▶ **SUPPLIED RECORDS**
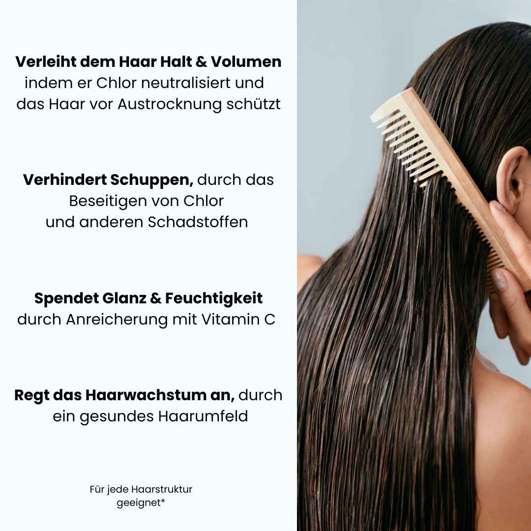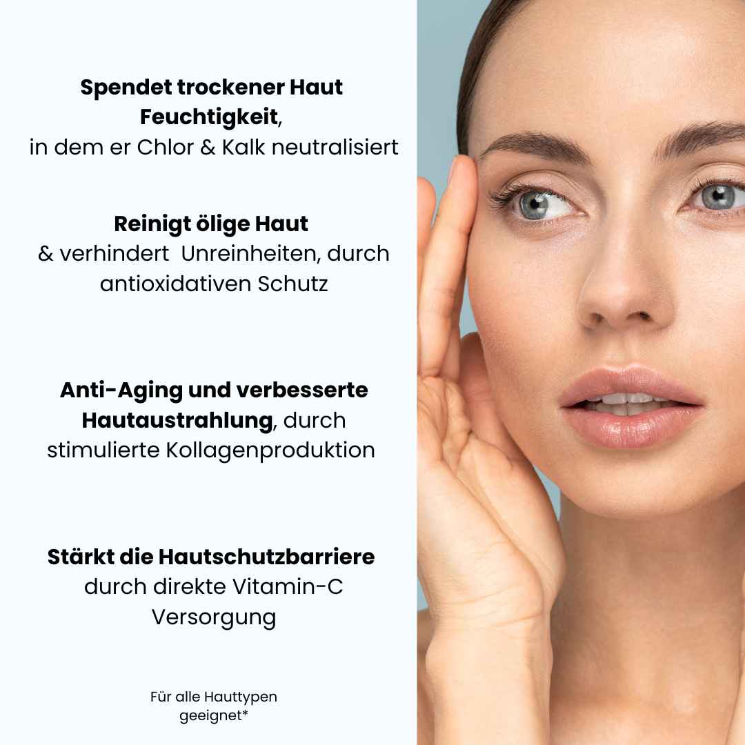 Er eliminiert Chlor und Schadstoffe, die Irritationen und Trockenheit verursachen, und schenkt dir sofort eine spürbar weichere, hydratisierte Haut. Vitamin C bekämpft freie Radikale, fördert die Kollagenproduktion und schützt vor UV-Schäden, um deine Haut jugendlich strahlen zu lassen. Genieße den Unterschied schon nach der ersten Anwendung und lass deine Haut Tag für Tag jünger aussehen und sich auch so anfühlen.
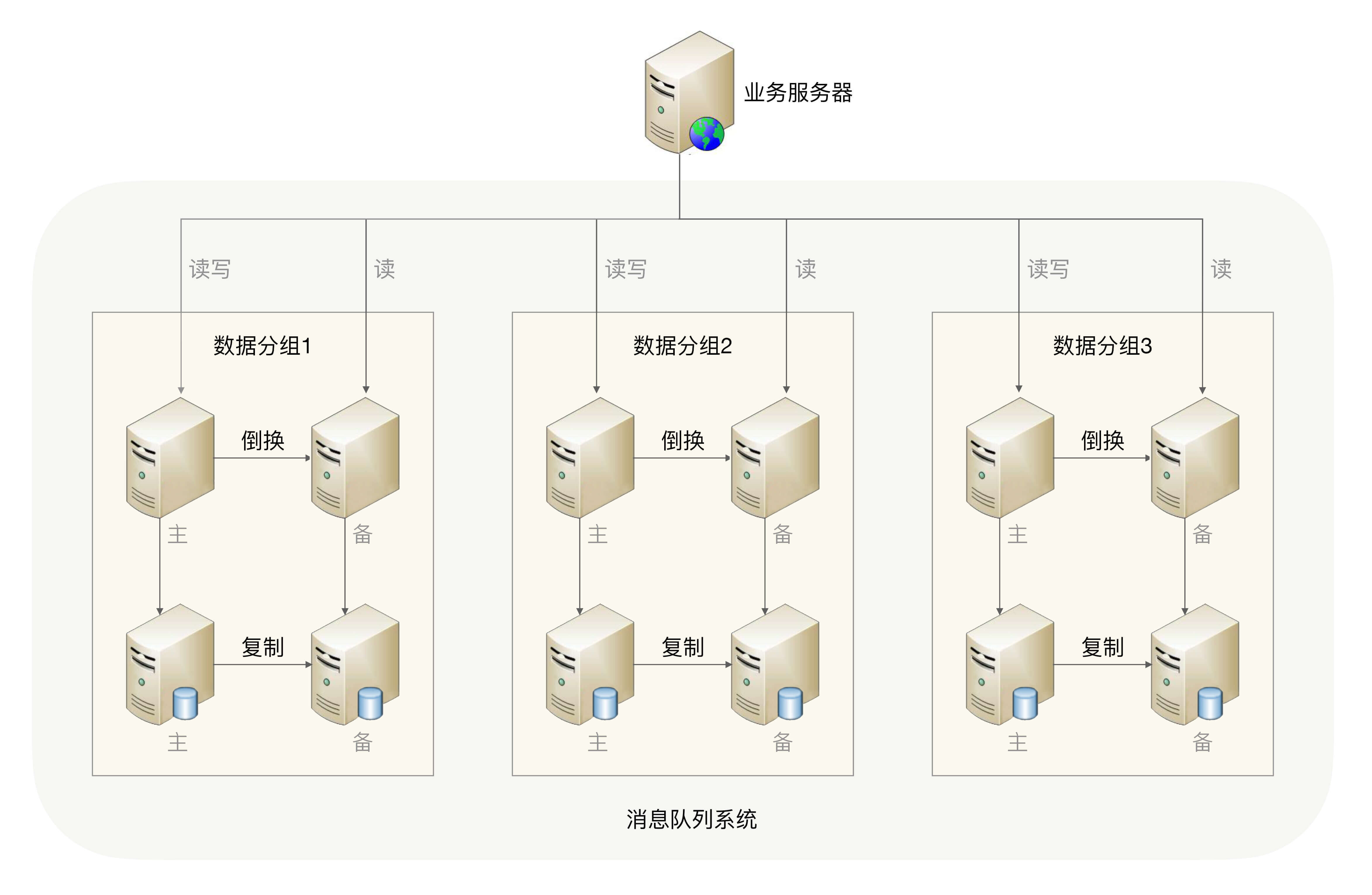 每个分组有一主一备两台服务器,主服务器支持发送和读取消息,备服务器只支持读取消息,当主服务器正常的时候备服务器不对外提供服务,只有备服务器判断主服务器故障的时候才对外提供消息读取服务。
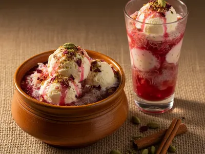 When it reached the Mughal court it was transformed into the elaborate layered drink-dessert known today, with basil seeds (sabza), milk, and ice cream added over time. Stacked in tall glasses at every Burns Road chowk stall and ice cream parlour, this is the dessert that drinks — or the drink that's also a dessert. Nobody's sure. The layers are non-negotiable: rose syrup at the base for colour and sweetness, chilled milk for creaminess, basil seeds (tukmaria) that expand into these amazing gel-encased pearls, boiled falooda sev (thin vermicelli), and a scoop of vanilla ice cream perched on top like a crown. Fun fact: falooda has Persian roots — it was originally a frozen noodle dessert called 'faloodeh' from Shiraz. It traveled to the subcontinent via Mughal kitchens and evolved into the over-the-top dessert drink Pakistan made it. Nobody does it better than Karachi. But you can try at home.
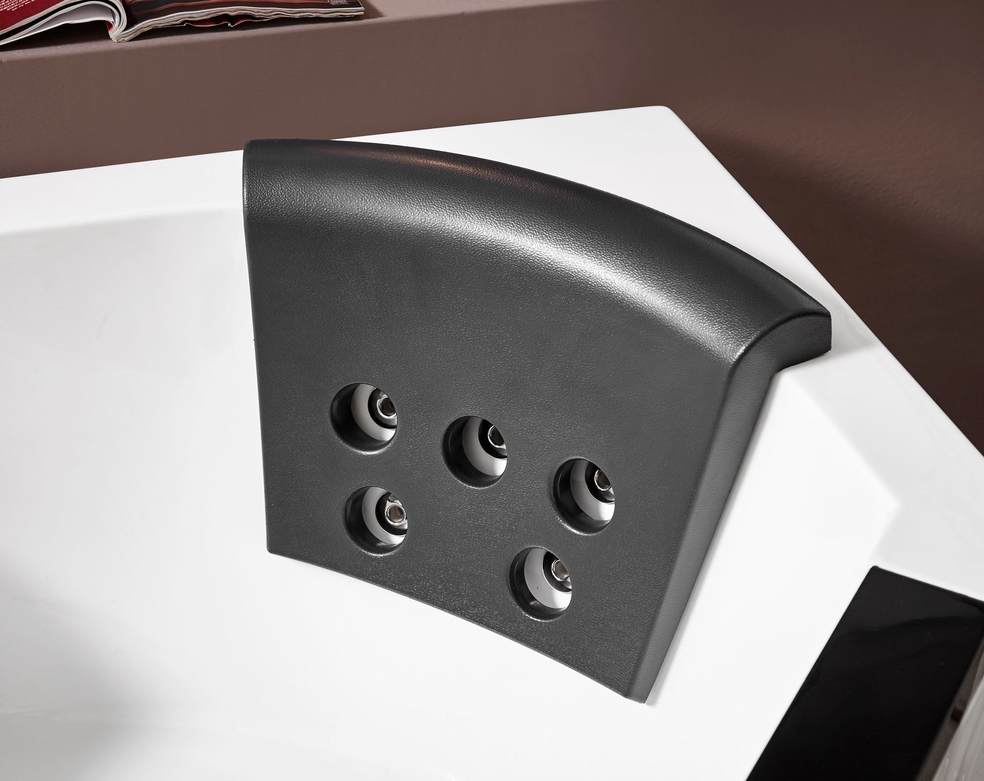 - Features a back flow preventer on the shower heads. This prevents residue or odor buildup. Includes 2 soft black pillows that stick to the tub with suction cups for an even more comfortable experience.
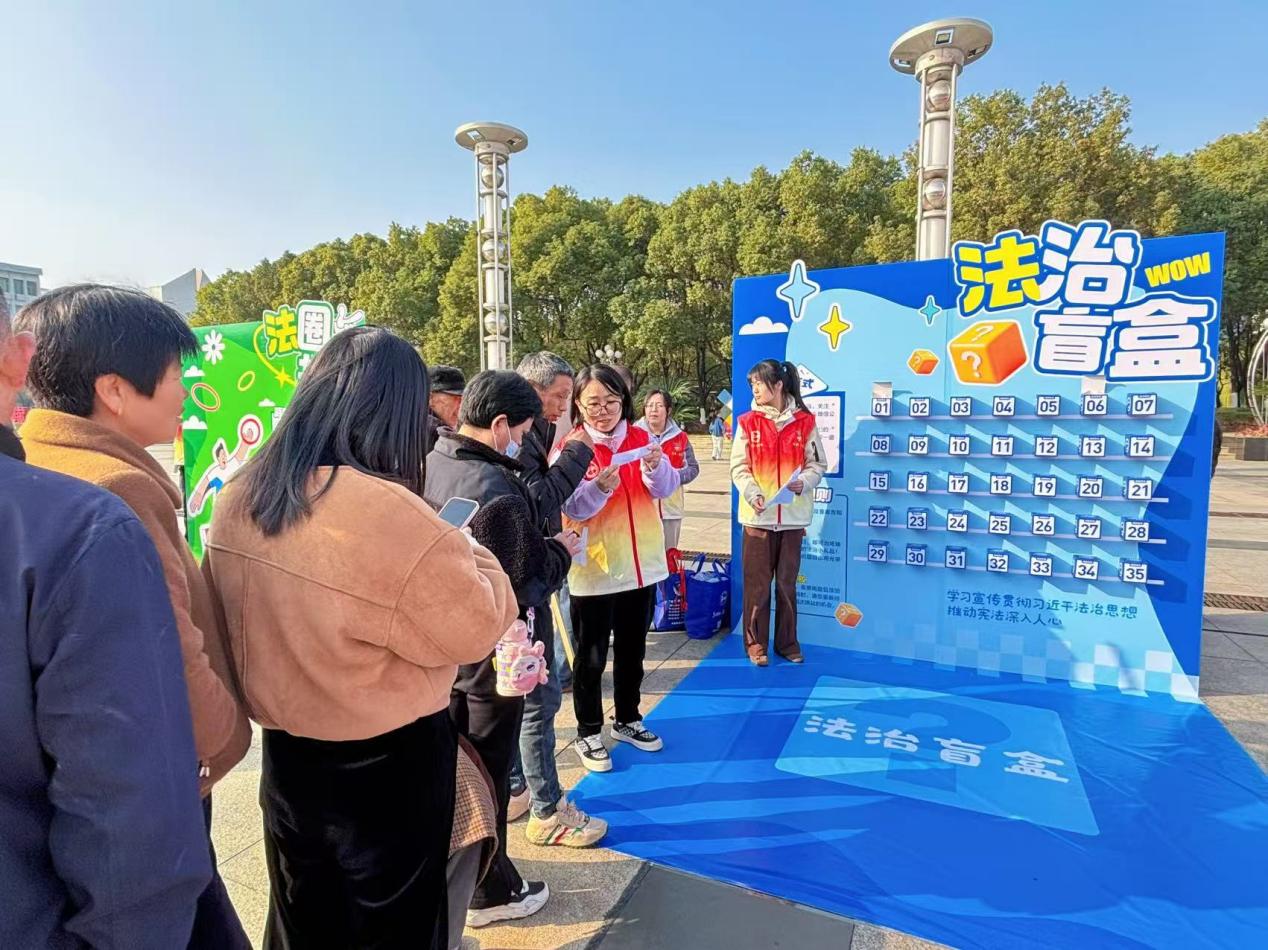 -法治盲盒挑战板块:将知识问答与惊喜抽奖结合。参与者随机抽取法律题目进行挑战,答对即可赢得抽取法治小礼品(含法治文创、非遗作品等)的机会。这种兼具知识性与趣味性的形式,极大激发了群众的参与热情。
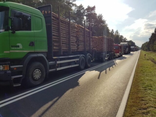 Droga jest tam zablokowana. Na miejscu jest pięć zastępów straży z JRG oraz OSP. Trwają działania.
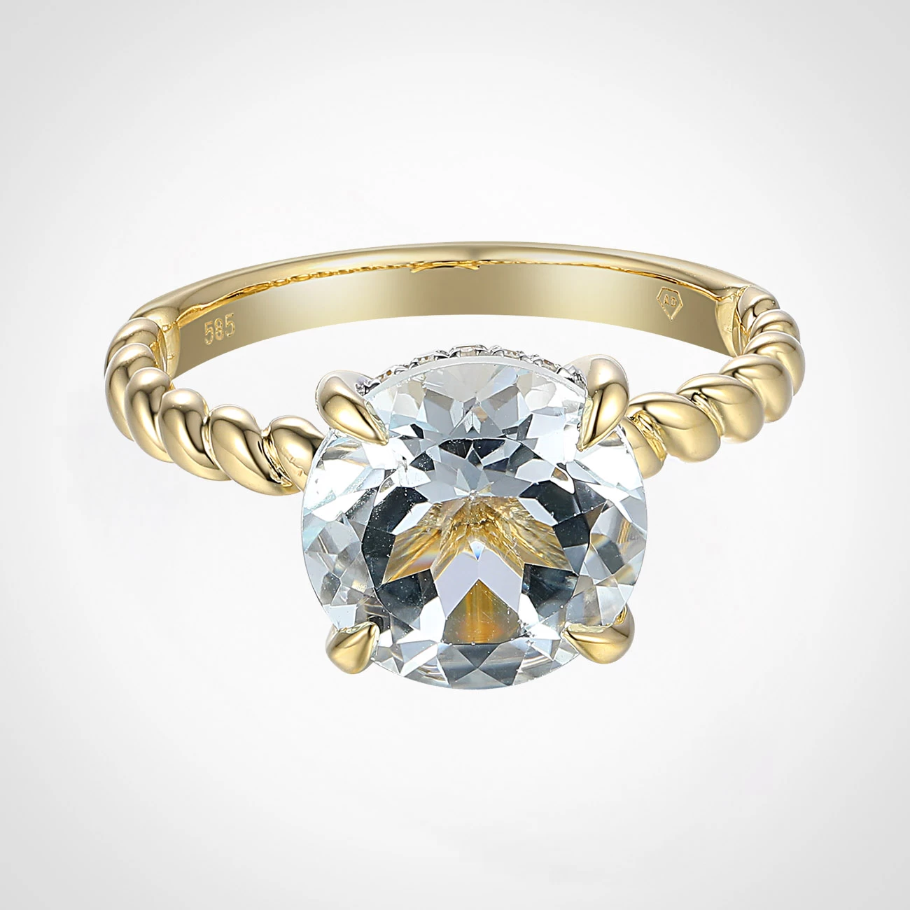 Pierścionek z żółtego złota z białym topazem
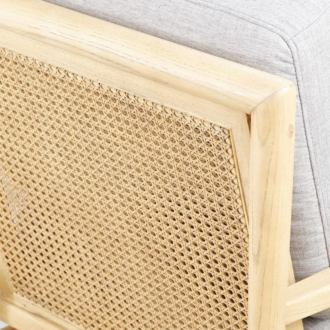 Caractéristiques Fauteuil tissu lin gris clair pieds frêne naturel
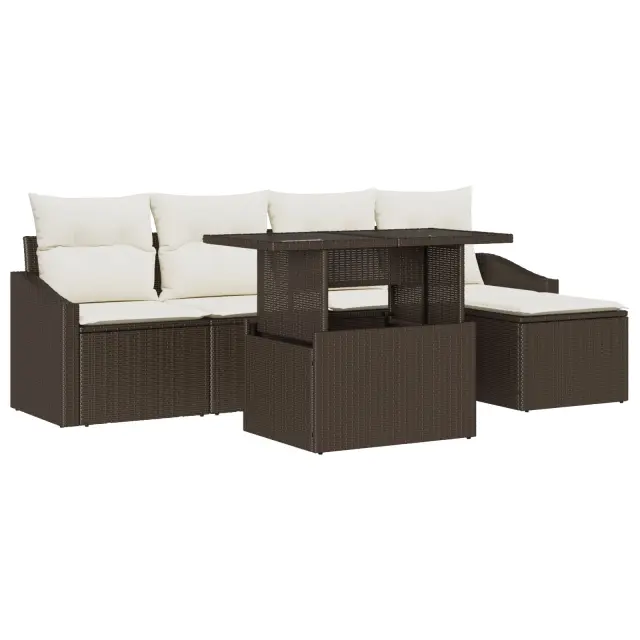 Ta 6-delni vrtni sedežni set s blazinami združuje praktičnost in slog, kar prinaša odlično mešanico udobja in stila za vašo zunanjo sprostitveno površino. Zasnovan je tako, da sprejme do pet oseb, ta čudovit set je odličen za druženje s prijatelji ali sprostitev po napornem dnevu, njena moderna zasnova pa dvigne dekor vašega patio ali balkona.
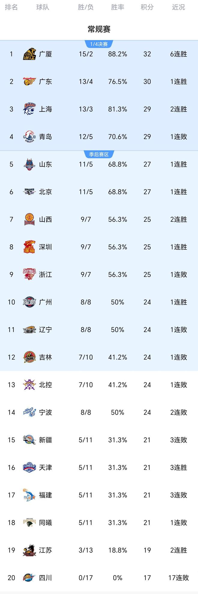CBA一夜三场惨案!广厦广东皆大胜,北控输29分,最新积分榜如下

▶ **REQUIRED WORK**
Where pictures occur in the material above, omit them and return everything else exactly.

▶ **ANSWER TO THE EXERCISE**
 Er eliminiert Chlor und Schadstoffe, die Irritationen und Trockenheit verursachen, und schenkt dir sofort eine spürbar weichere, hydratisierte Haut. Vitamin C bekämpft freie Radikale, fördert die Kollagenproduktion und schützt vor UV-Schäden, um deine Haut jugendlich strahlen zu lassen. Genieße den Unterschied schon nach der ersten Anwendung und lass deine Haut Tag für Tag jünger aussehen und sich auch so anfühlen.
 每个分组有一主一备两台服务器,主服务器支持发送和读取消息,备服务器只支持读取消息,当主服务器正常的时候备服务器不对外提供服务,只有备服务器判断主服务器故障的时候才对外提供消息读取服务。
 When it reached the Mughal court it was transformed into the elaborate layered drink-dessert known today, with basil seeds (sabza), milk, and ice cream added over time. Stacked in tall glasses at every Burns Road chowk stall and ice cream parlour, this is the dessert that drinks — or the drink that's also a dessert. Nobody's sure. The layers are non-negotiable: rose syrup at the base for colour and sweetness, chilled milk for creaminess, basil seeds (tukmaria) that expand into these amazing gel-encased pearls, boiled falooda sev (thin vermicelli), and a scoop of vanilla ice cream perched on top like a crown. Fun fact: falooda has Persian roots — it was originally a frozen noodle dessert called 'faloodeh' from Shiraz. It traveled to the subcontinent via Mughal kitchens and evolved into the over-the-top dessert drink Pakistan made it. Nobody does it better than Karachi. But you can try at home.
 - Features a back flow preventer on the shower heads. This prevents residue or odor buildup. Includes 2 soft black pillows that stick to the tub with suction cups for an even more comfortable experience.
 -法治盲盒挑战板块:将知识问答与惊喜抽奖结合。参与者随机抽取法律题目进行挑战,答对即可赢得抽取法治小礼品(含法治文创、非遗作品等)的机会。这种兼具知识性与趣味性的形式,极大激发了群众的参与热情。
 Droga jest tam zablokowana. Na miejscu jest pięć zastępów straży z JRG oraz OSP. Trwają działania.
 Pierścionek z żółtego złota z białym topazem
 Caractéristiques Fauteuil tissu lin gris clair pieds frêne naturel
 Ta 6-delni vrtni sedežni set s blazinami združuje praktičnost in slog, kar prinaša odlično mešanico udobja in stila za vašo zunanjo sprostitveno površino. Zasnovan je tako, da sprejme do pet oseb, ta čudovit set je odličen za druženje s prijatelji ali sprostitev po napornem dnevu, njena moderna zasnova pa dvigne dekor vašega patio ali balkona.
CBA一夜三场惨案!广厦广东皆大胜,北控输29分,最新积分榜如下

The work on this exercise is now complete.